Transcribe the data exactly. Pictures stay out.

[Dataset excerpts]
[Start of section]

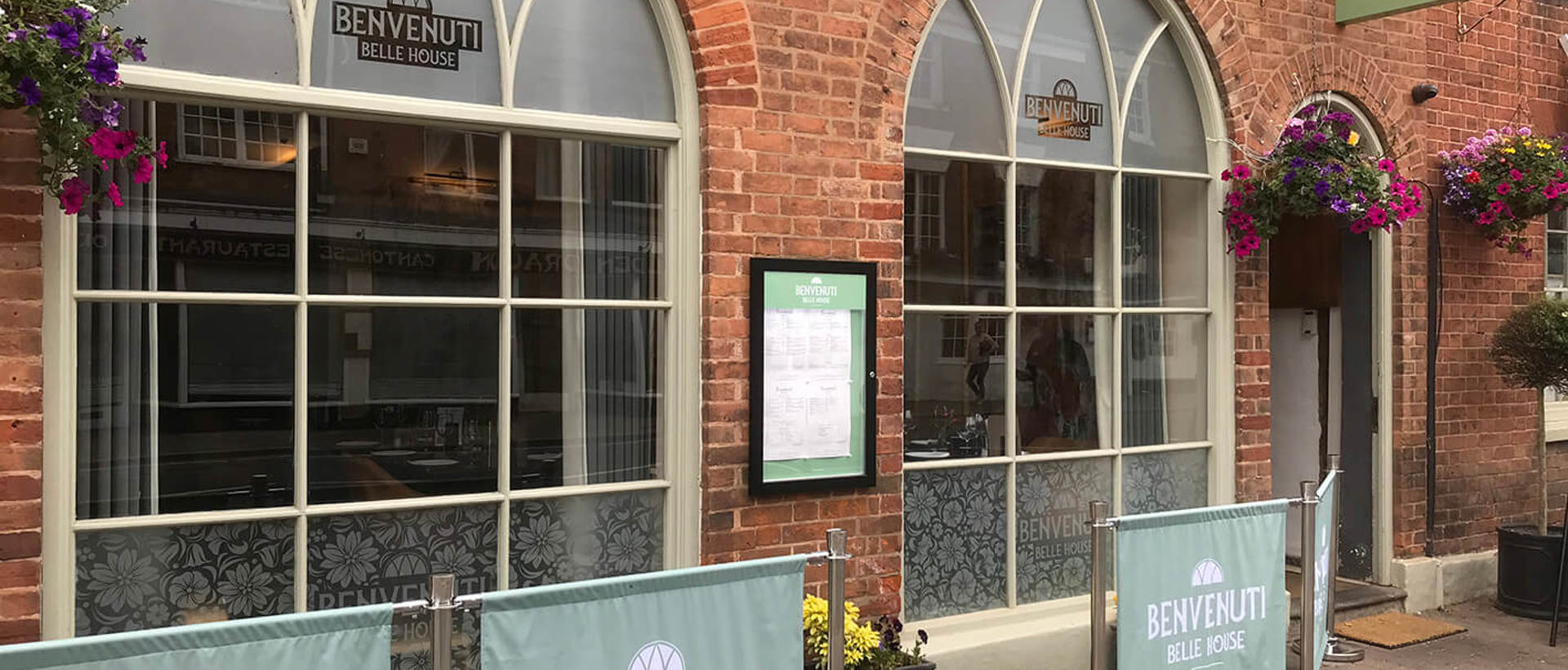 We recently worked with Benvenuti, an Italian restaurant in Pershore, to unveil brand new signage for their location in Belle House. The goal was to create a warm and welcoming environment for customers to enjoy their hearty Italian offering.
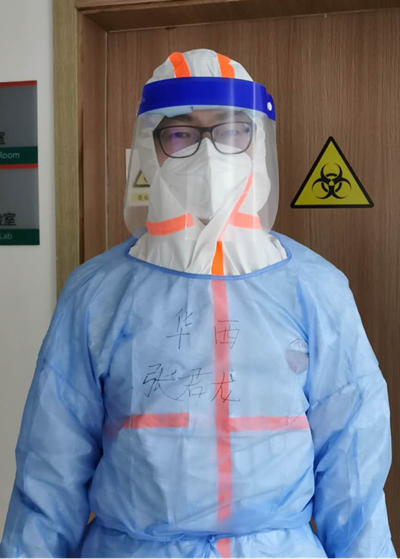 副主任技师张君龙作为本次新整合的华西公卫中心新冠检测组技术组长,到岗后立即组织华西团队和公卫团队梳理工作流程,参加临床病案讨论及时沟通检验与临床,在华西应斌武主任、公卫李青峰主任共同带领下,经两院设备物资部的协调支持,迅速调配检验急需的设备和试剂,不断新开展急需的检验项目,从应急和质量上全面支撑临床,与公卫团队并肩作战在新冠的实验室检测一线。
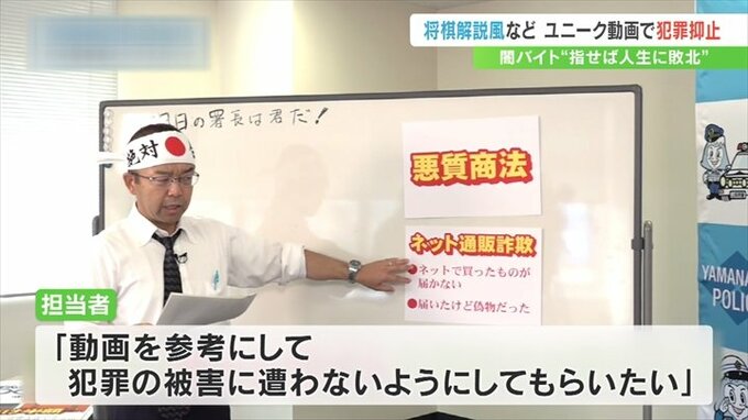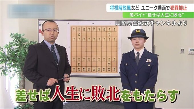甲府警察署が制作した将棋の解説や長寿のトーク番組風の演出で犯罪の手口などを分かりやすく紹介する動画が話題となっています。
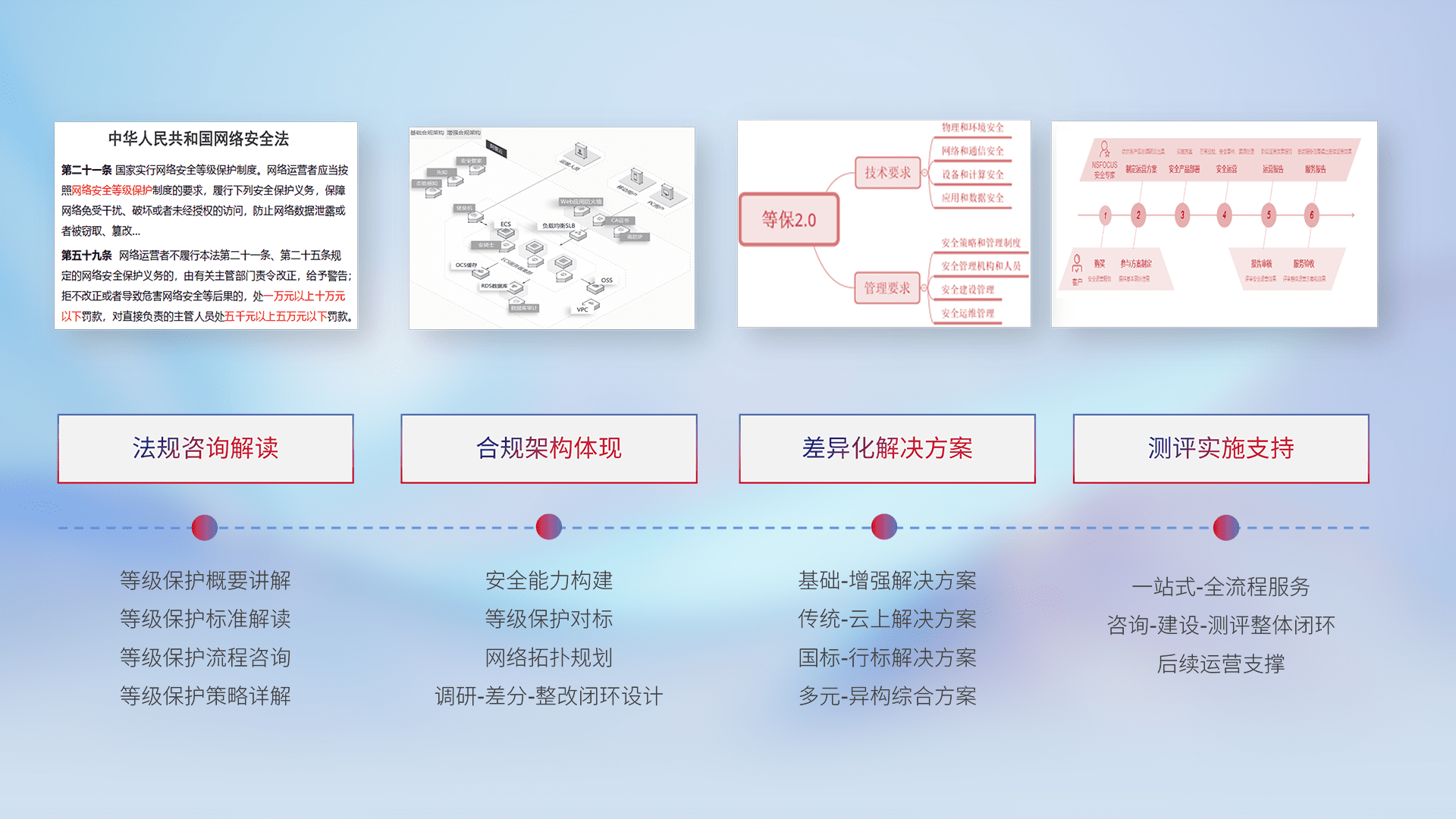 通过专业的法律咨询解读、、、、合规架构体现、、、、差异化解决方案、、测试实施支持等服务,,,,为客户量身打造等保合规体系。。。
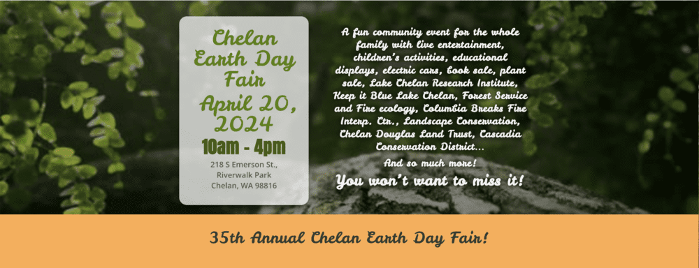 A fun community event for the whole family with live entertainment, children’s activities, educational displays, electric cars, book sale, plant sale, Lake Chelan Research Institute, Keep it Blue Lake Chelan, Forest Service and Fire ecology, Columbia Breaks Fire Interp. Ctr., Landscape Conservation, Chelan Douglas Land Trust, Cascadia Conservation District… And so much more!
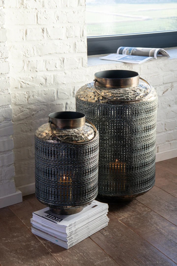 De Lantaarn Cilinder Antiek IJzer Brons Groot is een metalen lantaarn met een cilindrisch, gestructureerd lichaam, gedetailleerde uitgesneden patronen, een ronde bovengreep en een antieke rustieke afwerking in brons en blauwgroene tinten.
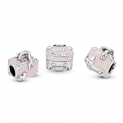 برای ماجراجویی و سفر بعدی خود چمدانهایتان را بسته و با پاندورا آماده شوید.این چارم زیبا و نقرهای از طرفی با لوگو و تاج پاندورا تزیین شده و در طرف دیگر با پیام "عاشق سفرها" (Love travels) به شما برنامههای سفرتان را یادآور میشود.این چارم به صورت دستی با لعاب صورتی لعابکاری شده و بهترین گزینه برای علاقهمندان به سفر میباشد.
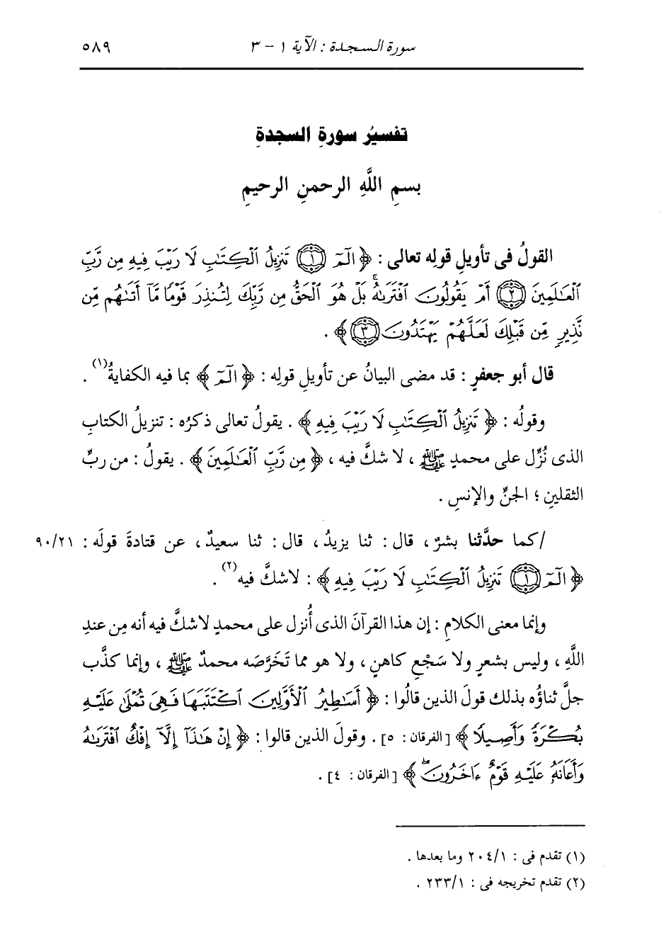 حَدَّثَنَا بِشْرٌ قَالَ: ثنا يَزِيدُ قَالَ: ثنا سَعِيدٌ، عَنْ قَتَادَةَ: قَوْلُهُ: " {§الم تَنْزِيلُ الْكِتَابِ لَا رَيْبَ فِيهِ} [السجدة: 2] لَا شَكَّ فِيهِ ". وَإِنَّمَا مَعْنَى الْكَلَامِ: إِنَّ هَذَا الْقُرْآنَ الَّذِي أُنْزِلَ عَلَى مُحَمَّدٍ صَلَّى اللهُ عَلَيْهِ وَسَلَّمَ لَا شَكَّ فِي أَنَّهُ مِنْ عِنْدِ اللَّهِ، وَلَيْسَ بِشَعْرٍ وَلَا سَجْعِ كَاهِنٍ، وَلَا هُوَ مِمَّا تَخَرَّصَهُ مُحَمَّدٌ صَلَّى اللهُ عَلَيْهِ وَسَلَّمَ، وَإِنَّمَا كَذَّبَ جَلَّ ثَنَاؤُهُ بِذَلِكَ قَوْلَ الَّذِينَ قَالُوا: {أَسَاطِيرُ الْأَوَّلِينَ اكْتَتَبَهَا فَهِيَ تُمْلَى عَلَيْهِ بَكْرَةً وَأَصِيلًا} [الفرقان: 5] ، وَقَوْلَ الَّذِينَ قَالُوا: {إِنْ هَذَا إِلَّا إِفْكٌ افْتَرَاهُ وَأَعَانَهُ عَلَيْهِ قَوْمٌ آخَرُونَ} [الفرقان: 4]
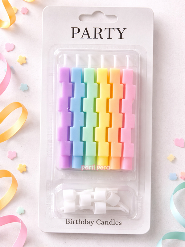 - 6 Adet mumdan oluşan set, çeşitli renk ve şekillerde tasarlanmıştır, böylece pastalarınız için farklı kombinasyonlar oluşturabilirsiniz.
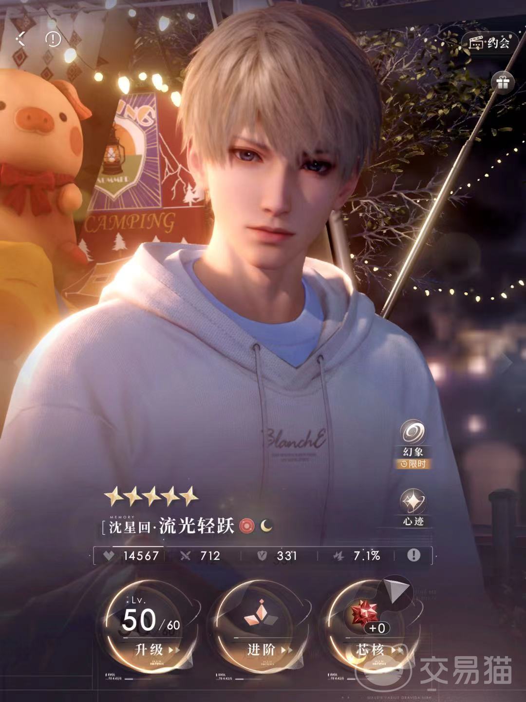 第一张叫做【流光轻跃】为五星红色月卡,流光轻跃的天赋为在超过8000生命之后,每增加400点生命,就会增加队伍虚弱增伤0.2%。流光轻跃的约会发生在玩家和沈星回的一次团建活动当中。在猎人先遣组连续周转了一个月之后,队长终于为大家组织了一次团建露营活动,而沈星回也在其中。两个人的甜蜜故事就此展开,
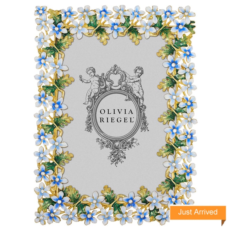 Main view Product Details Olivia Riegel DAPHNE Floral 4x6 Frame by Olivia Riegel® — Enchanting gold finished pewter floral pattern, hand-enameled in serene blue and green hues. Hand-set clear European crystals. Elegant champagne moiré silk back. Tarnish resistant. Signature luxury gift box included. An original design frame from the Olivia Riegel® collection. DAPHNE Floral 4x6 Frame by Olivia Riegel® OLIVIA RIEGEL® WINTER Savings- Buy More / Save More * Add this item to your cart for the full details of this promotion. Conditions may apply. Model #850066618141 $175.00 This item IS in stock and can be expected to ship 01/23/2026 Your Price Match is Active Your request for a price of $0.00 for a minimum quantity of has been accepted. You have [time] left to purchase this item for $0.00 instead of $175.00 each. Find a Lower Price? We BEAT All Authorized Retailers [?] FEATURESDisplays:4"x6"Material:Pewter (fine)Finish:Blue(Light), Gold, Green, WhiteOccasion:Anniversary, Engagement, Mother`s Day, Romantic, Valentine`s Day, WeddingStyle:Classic, Florals, Ornate, RomanticOrientation:BothBrand:Olivia RiegelDisplay Type:Desktop Only Approx. Overall Dimensions:5 1/2"x7 1/2" This item ships in its own box SHARE THIS ITEM Share on Facebook
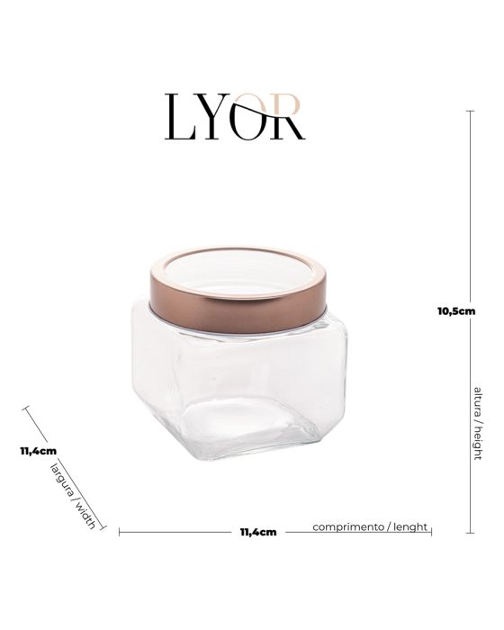 Características:O Pote de Vidro com Tampa de Metal e Acrílico Gastro Rosé de 800ml da Lyor é uma escolha elegante e prática para o armazenamento de mantimentos em grande quantidade.Tampa de Metal e Acrílico Gastro Rosé:A tampa em metal com detalhes em acrílico Gastro Rosé oferece vedação hermética, mantendo os mantimentos frescos por mais tempo e adicionando um toque moderno e sofisticado ao conjunto.Design Elegante:O design elegante do pote confere um toque refinado à sua cozinha, tornando-o uma peça versátil para diferentes estilos de decoração.Versatilidade de Uso:Além de mantimentos secos, o pote pode ser utilizado para armazenar outros itens, como doces, biscoitos ou até mesmo objetos não alimentícios.Detalhes:- Marca: Lyor;- Referência: 7525;- Modelo: Gastro;- Linha: Porta Mantimentos;- Tipo: Armazenamento;- Cor da tampa: Rosé Gold;- Cor do corpo: Incolor;- Capacidade: 800ml;- Contém: 1 unidade do produto;- Possui tampa com acrílico;- Design simples e elegante;- Produto Versátil, podendo ser usado armazenamento de diversos tipos de produtos;- Fácil de limpar.Ideal para:- Ideal para Cozinha, Copas, Lavanderias, Dispensas, lanchonetes, restaurantes, panificadora e confeitaria, hotéis e demais estabelecimentos.Limpeza e cuidados:- Lavar com detergente neutro, esponja macia e secar imediatamente;- Não lavar em máquinas e não utilizar produtos químico.Recomendações:- Este produto não pode ir ao Micro-Ondas, Lava Louças, fornos, freezer e fogões.Composição:- Fabricado em Vidro.Medidas:- Dimensões do produto: 11 x 11 x 10,5cm (CxLxA);- Peso: 0,49kg.Conteúdo da embalagem: 1 Porta Mantimento de Vidro com Tampa de Metal/Acrílico 800ml Lyor.As especificações podem ser alteradas sem aviso prévio ** Imagem meramente ilustrativa.
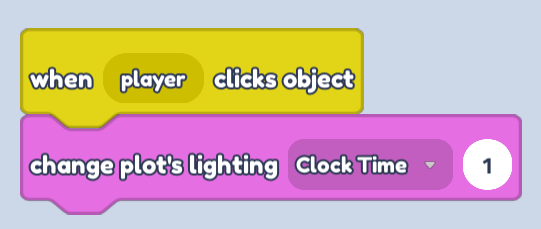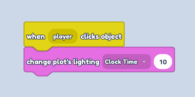 - Now we can drag the change plot's lighting block under our when player clicks object block. Let's set the clock time to 10, so that the lighting changes to day time when we click this button!

[End of section]

§ **EXERCISE OUTPUT**:
 We recently worked with Benvenuti, an Italian restaurant in Pershore, to unveil brand new signage for their location in Belle House. The goal was to create a warm and welcoming environment for customers to enjoy their hearty Italian offering.
 副主任技师张君龙作为本次新整合的华西公卫中心新冠检测组技术组长,到岗后立即组织华西团队和公卫团队梳理工作流程,参加临床病案讨论及时沟通检验与临床,在华西应斌武主任、公卫李青峰主任共同带领下,经两院设备物资部的协调支持,迅速调配检验急需的设备和试剂,不断新开展急需的检验项目,从应急和质量上全面支撑临床,与公卫团队并肩作战在新冠的实验室检测一线。
甲府警察署が制作した将棋の解説や長寿のトーク番組風の演出で犯罪の手口などを分かりやすく紹介する動画が話題となっています。
 通过专业的法律咨询解读、、、、合规架构体现、、、、差异化解决方案、、测试实施支持等服务,,,,为客户量身打造等保合规体系。。。
 A fun community event for the whole family with live entertainment, children’s activities, educational displays, electric cars, book sale, plant sale, Lake Chelan Research Institute, Keep it Blue Lake Chelan, Forest Service and Fire ecology, Columbia Breaks Fire Interp. Ctr., Landscape Conservation, Chelan Douglas Land Trust, Cascadia Conservation District… And so much more!
 De Lantaarn Cilinder Antiek IJzer Brons Groot is een metalen lantaarn met een cilindrisch, gestructureerd lichaam, gedetailleerde uitgesneden patronen, een ronde bovengreep en een antieke rustieke afwerking in brons en blauwgroene tinten.
 برای ماجراجویی و سفر بعدی خود چمدانهایتان را بسته و با پاندورا آماده شوید.این چارم زیبا و نقرهای از طرفی با لوگو و تاج پاندورا تزیین شده و در طرف دیگر با پیام "عاشق سفرها" (Love travels) به شما برنامههای سفرتان را یادآور میشود.این چارم به صورت دستی با لعاب صورتی لعابکاری شده و بهترین گزینه برای علاقهمندان به سفر میباشد.
 حَدَّثَنَا بِشْرٌ قَالَ: ثنا يَزِيدُ قَالَ: ثنا سَعِيدٌ، عَنْ قَتَادَةَ: قَوْلُهُ: " {§الم تَنْزِيلُ الْكِتَابِ لَا رَيْبَ فِيهِ} [السجدة: 2] لَا شَكَّ فِيهِ ". وَإِنَّمَا مَعْنَى الْكَلَامِ: إِنَّ هَذَا الْقُرْآنَ الَّذِي أُنْزِلَ عَلَى مُحَمَّدٍ صَلَّى اللهُ عَلَيْهِ وَسَلَّمَ لَا شَكَّ فِي أَنَّهُ مِنْ عِنْدِ اللَّهِ، وَلَيْسَ بِشَعْرٍ وَلَا سَجْعِ كَاهِنٍ، وَلَا هُوَ مِمَّا تَخَرَّصَهُ مُحَمَّدٌ صَلَّى اللهُ عَلَيْهِ وَسَلَّمَ، وَإِنَّمَا كَذَّبَ جَلَّ ثَنَاؤُهُ بِذَلِكَ قَوْلَ الَّذِينَ قَالُوا: {أَسَاطِيرُ الْأَوَّلِينَ اكْتَتَبَهَا فَهِيَ تُمْلَى عَلَيْهِ بَكْرَةً وَأَصِيلًا} [الفرقان: 5] ، وَقَوْلَ الَّذِينَ قَالُوا: {إِنْ هَذَا إِلَّا إِفْكٌ افْتَرَاهُ وَأَعَانَهُ عَلَيْهِ قَوْمٌ آخَرُونَ} [الفرقان: 4]
 - 6 Adet mumdan oluşan set, çeşitli renk ve şekillerde tasarlanmıştır, böylece pastalarınız için farklı kombinasyonlar oluşturabilirsiniz.
 第一张叫做【流光轻跃】为五星红色月卡,流光轻跃的天赋为在超过8000生命之后,每增加400点生命,就会增加队伍虚弱增伤0.2%。流光轻跃的约会发生在玩家和沈星回的一次团建活动当中。在猎人先遣组连续周转了一个月之后,队长终于为大家组织了一次团建露营活动,而沈星回也在其中。两个人的甜蜜故事就此展开,
 Main view Product Details Olivia Riegel DAPHNE Floral 4x6 Frame by Olivia Riegel® — Enchanting gold finished pewter floral pattern, hand-enameled in serene blue and green hues. Hand-set clear European crystals. Elegant champagne moiré silk back. Tarnish resistant. Signature luxury gift box included. An original design frame from the Olivia Riegel® collection. DAPHNE Floral 4x6 Frame by Olivia Riegel® OLIVIA RIEGEL® WINTER Savings- Buy More / Save More * Add this item to your cart for the full details of this promotion. Conditions may apply. Model #850066618141 $175.00 This item IS in stock and can be expected to ship 01/23/2026 Your Price Match is Active Your request for a price of $0.00 for a minimum quantity of has been accepted. You have [time] left to purchase this item for $0.00 instead of $175.00 each. Find a Lower Price? We BEAT All Authorized Retailers [?] FEATURESDisplays:4"x6"Material:Pewter (fine)Finish:Blue(Light), Gold, Green, WhiteOccasion:Anniversary, Engagement, Mother`s Day, Romantic, Valentine`s Day, WeddingStyle:Classic, Florals, Ornate, RomanticOrientation:BothBrand:Olivia RiegelDisplay Type:Desktop Only Approx. Overall Dimensions:5 1/2"x7 1/2" This item ships in its own box SHARE THIS ITEM Share on Facebook
 Características:O Pote de Vidro com Tampa de Metal e Acrílico Gastro Rosé de 800ml da Lyor é uma escolha elegante e prática para o armazenamento de mantimentos em grande quantidade.Tampa de Metal e Acrílico Gastro Rosé:A tampa em metal com detalhes em acrílico Gastro Rosé oferece vedação hermética, mantendo os mantimentos frescos por mais tempo e adicionando um toque moderno e sofisticado ao conjunto.Design Elegante:O design elegante do pote confere um toque refinado à sua cozinha, tornando-o uma peça versátil para diferentes estilos de decoração.Versatilidade de Uso:Além de mantimentos secos, o pote pode ser utilizado para armazenar outros itens, como doces, biscoitos ou até mesmo objetos não alimentícios.Detalhes:- Marca: Lyor;- Referência: 7525;- Modelo: Gastro;- Linha: Porta Mantimentos;- Tipo: Armazenamento;- Cor da tampa: Rosé Gold;- Cor do corpo: Incolor;- Capacidade: 800ml;- Contém: 1 unidade do produto;- Possui tampa com acrílico;- Design simples e elegante;- Produto Versátil, podendo ser usado armazenamento de diversos tipos de produtos;- Fácil de limpar.Ideal para:- Ideal para Cozinha, Copas, Lavanderias, Dispensas, lanchonetes, restaurantes, panificadora e confeitaria, hotéis e demais estabelecimentos.Limpeza e cuidados:- Lavar com detergente neutro, esponja macia e secar imediatamente;- Não lavar em máquinas e não utilizar produtos químico.Recomendações:- Este produto não pode ir ao Micro-Ondas, Lava Louças, fornos, freezer e fogões.Composição:- Fabricado em Vidro.Medidas:- Dimensões do produto: 11 x 11 x 10,5cm (CxLxA);- Peso: 0,49kg.Conteúdo da embalagem: 1 Porta Mantimento de Vidro com Tampa de Metal/Acrílico 800ml Lyor.As especificações podem ser alteradas sem aviso prévio ** Imagem meramente ilustrativa.
 - Now we can drag the change plot's lighting block under our when player clicks object block. Let's set the clock time to 10, so that the lighting changes to day time when we click this button!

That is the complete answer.